ASSIGNED TASK
Here the job is to transcribe only the lines from the one containing "Sync оснащен функцией" through the last line below, exactly as written; please leave out pictures.

THE DATA

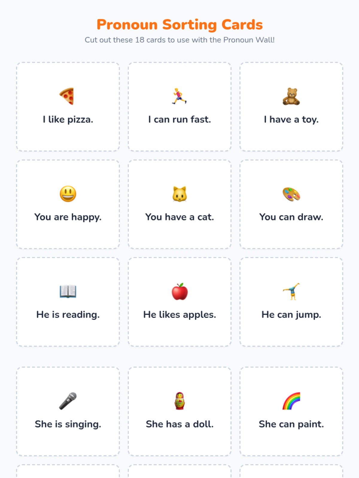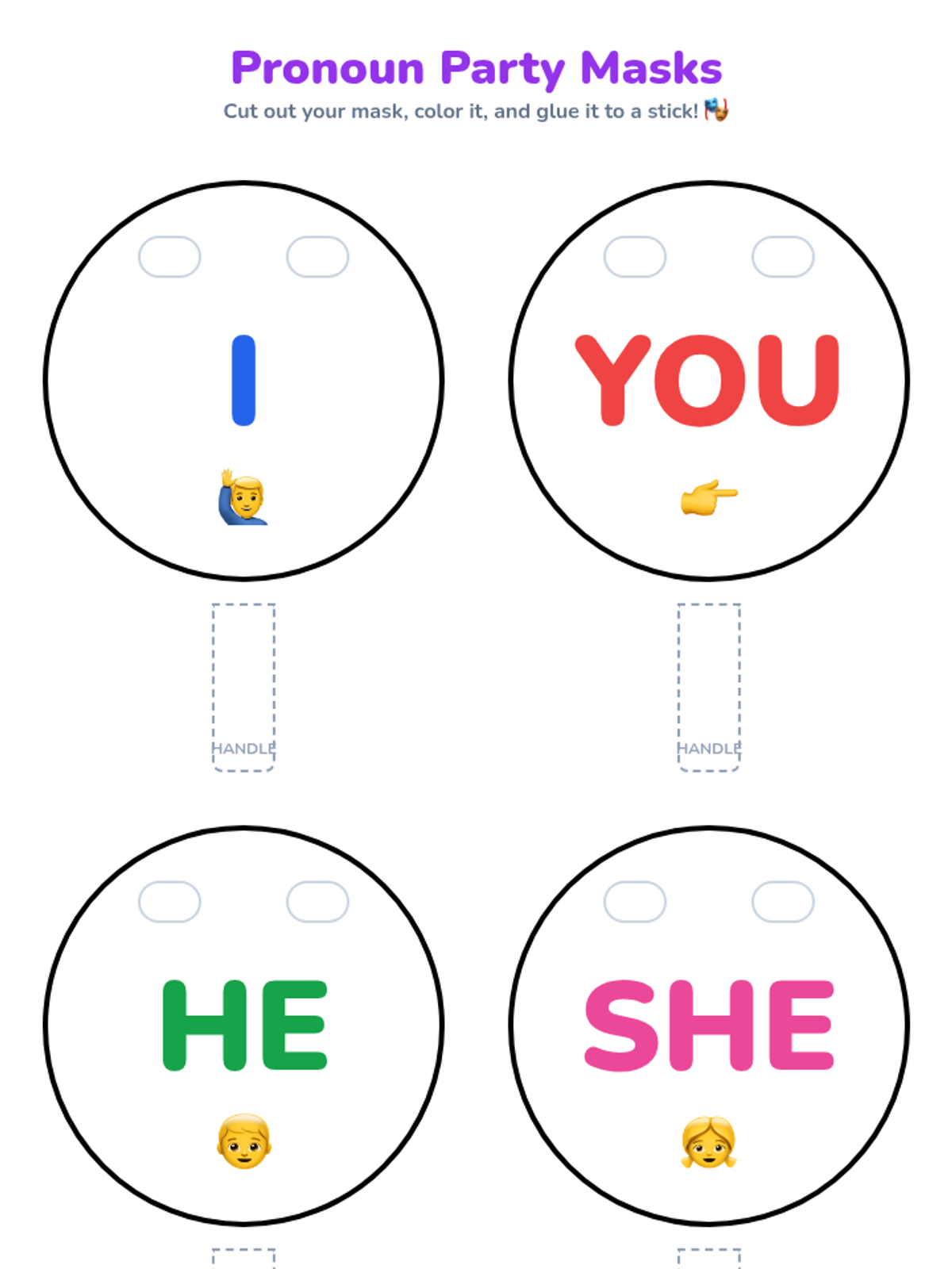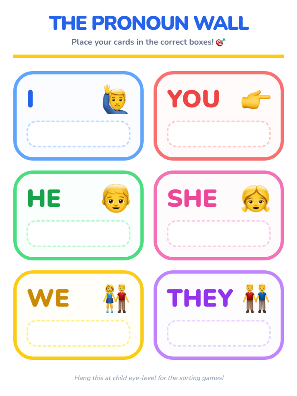 A fun, interactive 30-minute lesson to teach preschoolers essential pronouns (I, you, he, she, we, they) through songs, games, and hands-on activities.
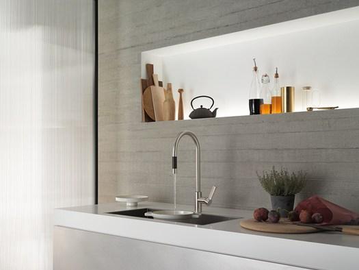 Sync оснащен функцией поворота на 360 градусов и высоким расположением излива. Tara Ultra предлагает выдвижной излив для большей свободы движений. Pivot отличается длинной штангой для использования в любой кухонной зоне.
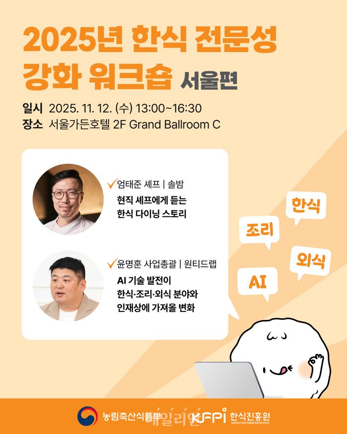 서울 워크숍은 11월 12일 서울가든호텔에서 열리며, 엄태준 셰프(솔밤)가 ‘현직 셰프에게 듣는 한식 다이닝 스토리’를, 윤명훈 원티드랩 사업총괄이 ‘AI 기술 발전이 한식·조리·외식 분야와 인재상에 가져올 변화’를 주제로 강연한다.

RESPONSE BOX
 Sync оснащен функцией поворота на 360 градусов и высоким расположением излива. Tara Ultra предлагает выдвижной излив для большей свободы движений. Pivot отличается длинной штангой для использования в любой кухонной зоне.
 서울 워크숍은 11월 12일 서울가든호텔에서 열리며, 엄태준 셰프(솔밤)가 ‘현직 셰프에게 듣는 한식 다이닝 스토리’를, 윤명훈 원티드랩 사업총괄이 ‘AI 기술 발전이 한식·조리·외식 분야와 인재상에 가져올 변화’를 주제로 강연한다.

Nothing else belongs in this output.